Task goal =>
Reproduce only what runs from the line containing "04.09.2016г командой IKS-team" to the line containing "Light, cool, and" in the records below, inclusive. Keep it exact, and keep the pictures out.

Exercise material =>
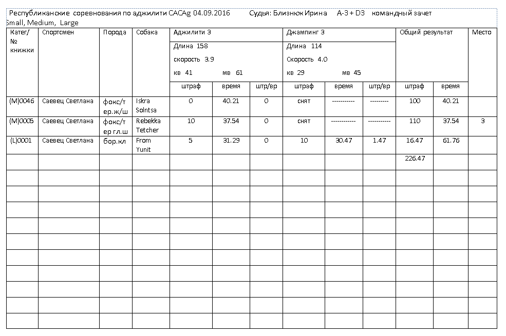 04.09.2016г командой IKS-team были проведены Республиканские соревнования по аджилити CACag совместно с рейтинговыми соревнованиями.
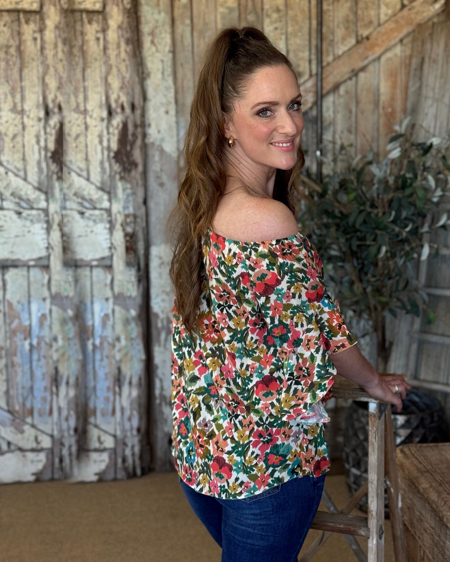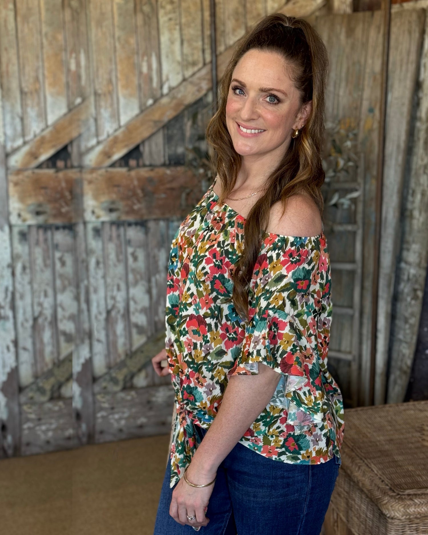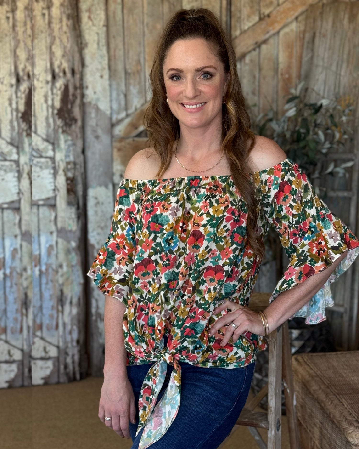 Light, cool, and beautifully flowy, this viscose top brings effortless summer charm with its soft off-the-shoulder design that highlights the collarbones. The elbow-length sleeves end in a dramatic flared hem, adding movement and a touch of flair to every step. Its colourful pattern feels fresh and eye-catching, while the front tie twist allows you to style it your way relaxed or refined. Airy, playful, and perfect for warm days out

---

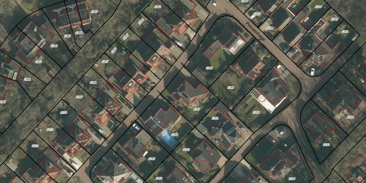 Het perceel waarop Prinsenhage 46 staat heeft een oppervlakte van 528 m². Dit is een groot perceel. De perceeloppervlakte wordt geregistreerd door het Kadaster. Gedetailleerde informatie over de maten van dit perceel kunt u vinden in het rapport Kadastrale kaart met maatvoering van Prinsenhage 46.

--

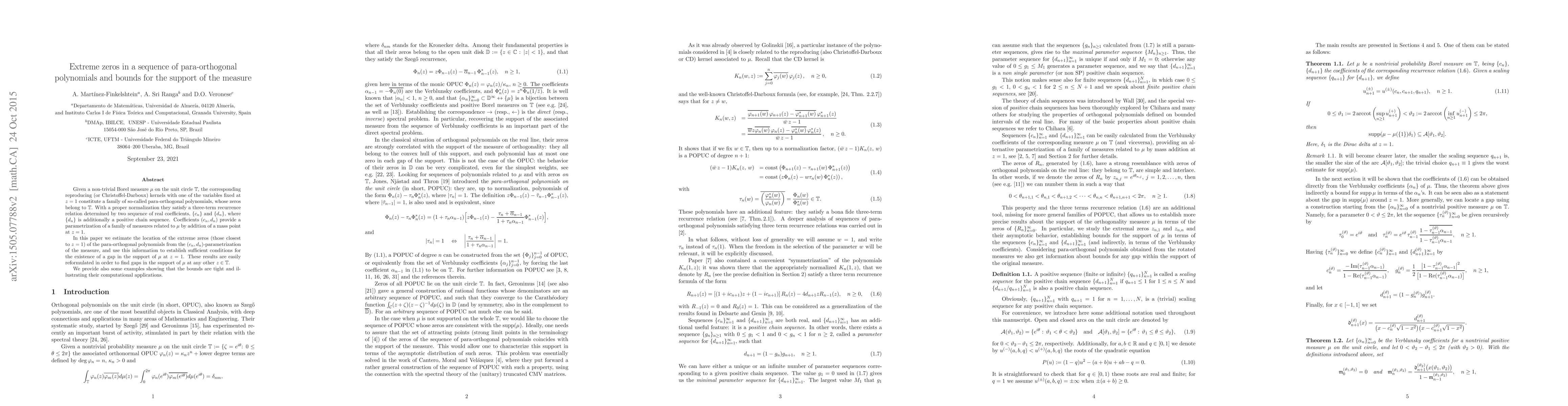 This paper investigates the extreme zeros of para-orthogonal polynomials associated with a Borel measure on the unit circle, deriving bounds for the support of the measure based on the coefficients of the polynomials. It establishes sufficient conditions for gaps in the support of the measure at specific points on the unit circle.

Your solution =>
 04.09.2016г командой IKS-team были проведены Республиканские соревнования по аджилити CACag совместно с рейтинговыми соревнованиями.
 Light, cool, and beautifully flowy, this viscose top brings effortless summer charm with its soft off-the-shoulder design that highlights the collarbones. The elbow-length sleeves end in a dramatic flared hem, adding movement and a touch of flair to every step. Its colourful pattern feels fresh and eye-catching, while the front tie twist allows you to style it your way relaxed or refined. Airy, playful, and perfect for warm days out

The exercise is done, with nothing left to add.